# My soil is screwed - pulling cores was a CHORE!



## turfnsurf (Apr 29, 2020)

So I am about to send my sample off tomorrow. I got my soil probe today and I thought it would be easy peasy. WRONG!

I have really hard dirt. So hard that although we've had lots of rain recently, I could hardly push the probe into the soil all the way in many areas. And it wasn't just in the areas that have no grass - it was really hard in places that have grass. I could feel the clay as I was twisting and pulling to try to maximize the core effort.

Some of the dirt was so dry that I couldn't even pull a core per se. In many cases, I had to dig/pull 3 times to make up one core. And I had to use a screwdriver to push out the compacted dirt that got stuck in my probe. It definitely was a tough feat.

There were some areas of my lawn where it actually went all the way into the ground. But that dirt still got stuck. I will be really interested to find out what my results are. My soil is definitely lacking.


----------



## doverosx (Aug 7, 2019)

I just dug with a shovel and filled in with new soil under /around the pulled area.


----------



## Coleman2084 (Aug 7, 2019)

I have the same issues along with automatic irrigation. Subscribing to see what others say.


----------



## Bermuda_Triangle (Sep 20, 2019)

You need to add some organic matter to the top and after core aeration.


----------



## turfnsurf (Apr 29, 2020)

Bermuda_Triangle said:


> You need to add some organic matter to the top and after core aeration.

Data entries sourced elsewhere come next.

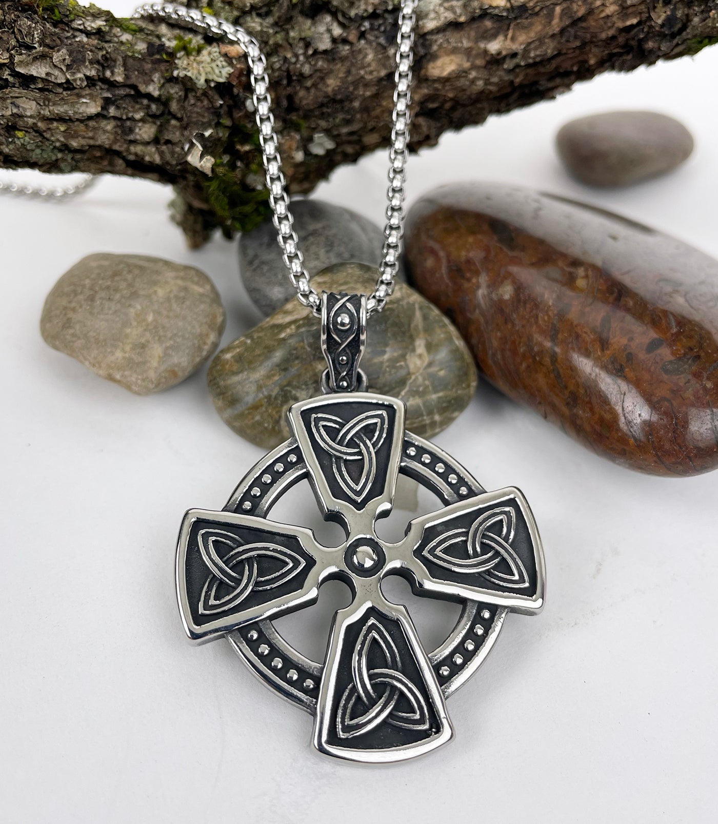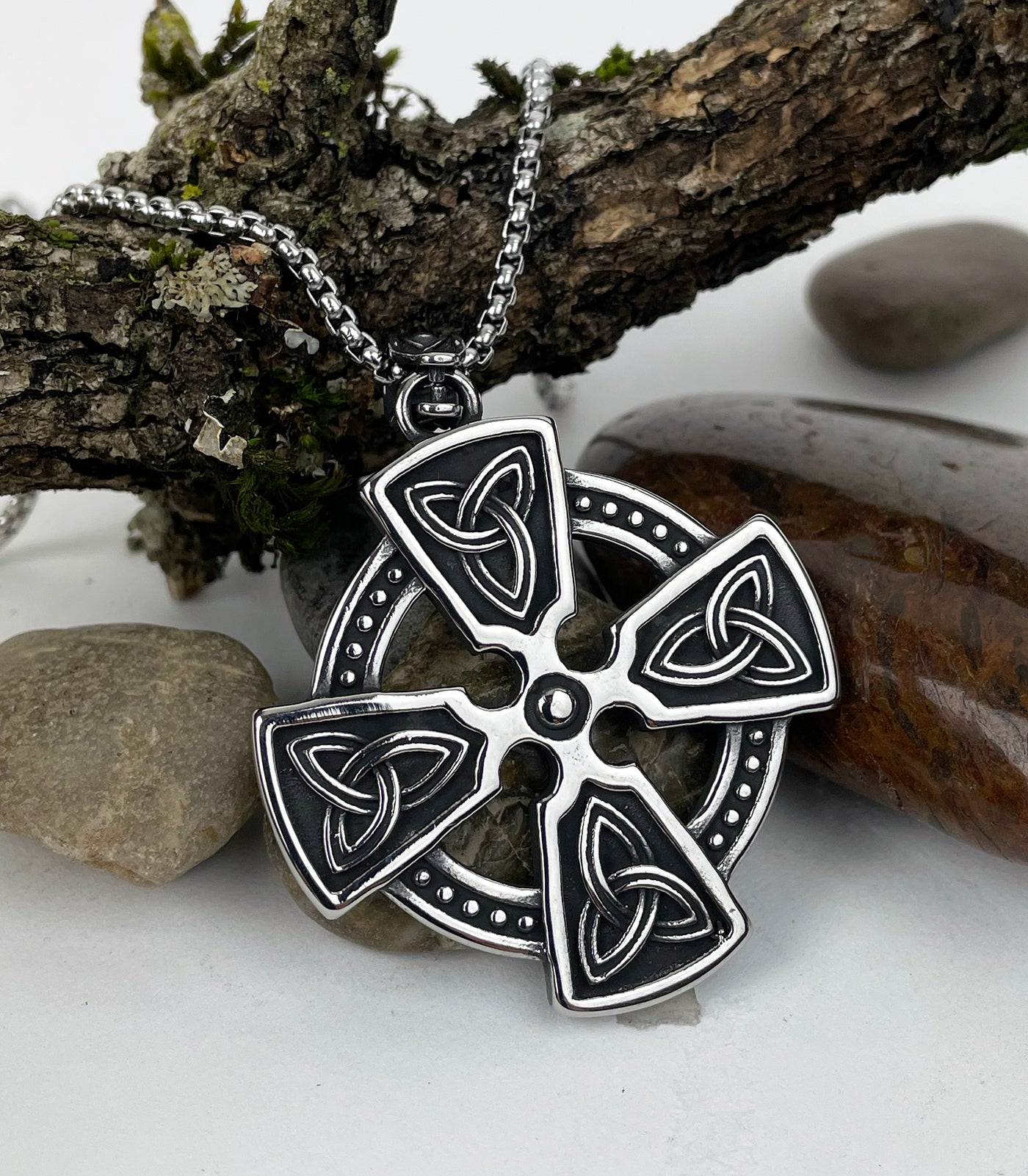 Square Celtic Cross with Trinity Knots Stainless Steel Pendant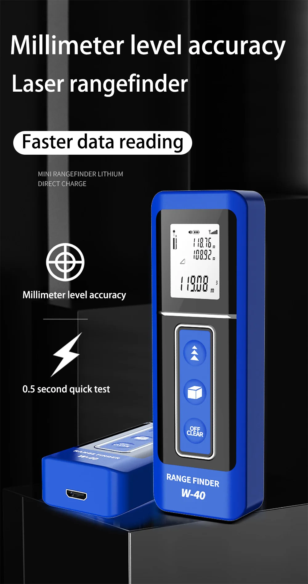 Лазерный дальномер JRTMFG, Инфракрасный измерительный прибор, портативный ручной лазерный дальномер с USB-зарядкой и высокой точностью
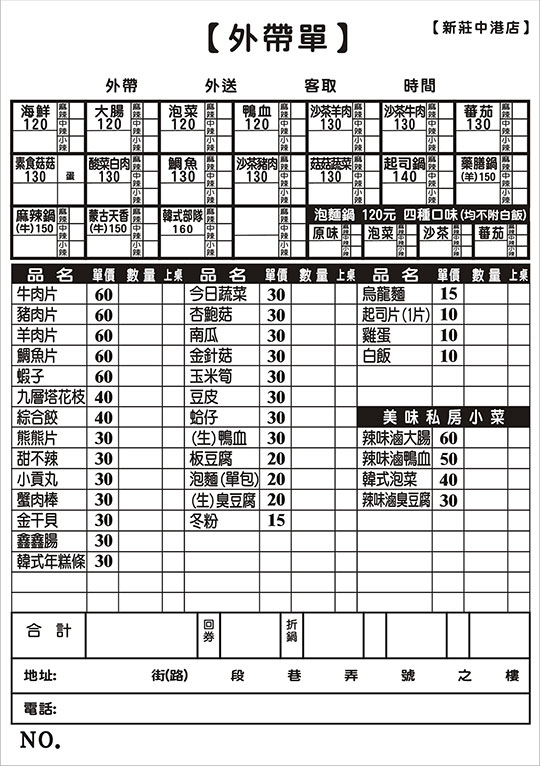 特別推薦:麻辣鍋、蒙古天香鍋、韓式部隊鍋、鴨血鍋、起司鍋、辣味滷鴨血、辣味滷臭豆腐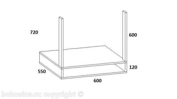 - Дно (ДВП) будет иметь размер – 542 на 450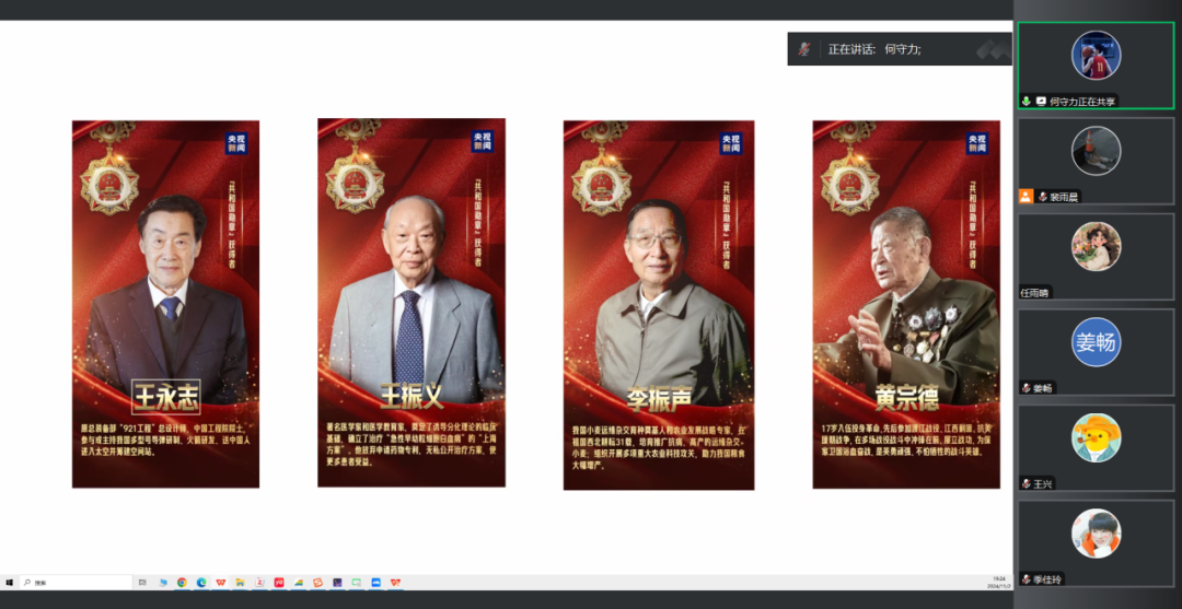 为学习榜样精神,10月30日晚,2023级硕士生党支部于线上开展了“国之脊梁,勋章之光”主题党课学习会。本次会议由组织委员何守力同志主持,共计18名员工党员参加。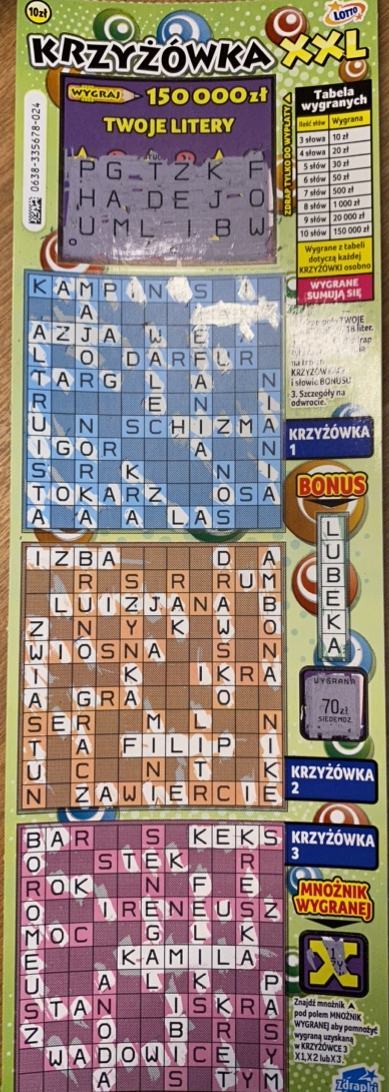 Dziś 3 szt od nr 01 do nr 03 dało 40zł w krzyzówce nr 03 ostatnio bardzo cieniutko w XXL cokolwiek trafić

My soil test should be coming back any day now. Is humic acid considered organic matter?
I have some but I am waiting on my soil test before I do anything.


----------



## Bermuda_Triangle (Sep 20, 2019)

@Turfsurfer I am a newbie at this yard stuff...

Humid acid itself is organic matter. But I would think at the small amount we use and being diluted it would not even register in a soil test. But, don't quote me on that.


----------



## BobLovesGrass (Jun 13, 2020)

So one YouTuber I saw suggest fertilizer. More growth, mulch the clippings make your own organic matter.
Use some organic products like milorganite, soybean meal, local milorganite knockoffs are out there too.


----------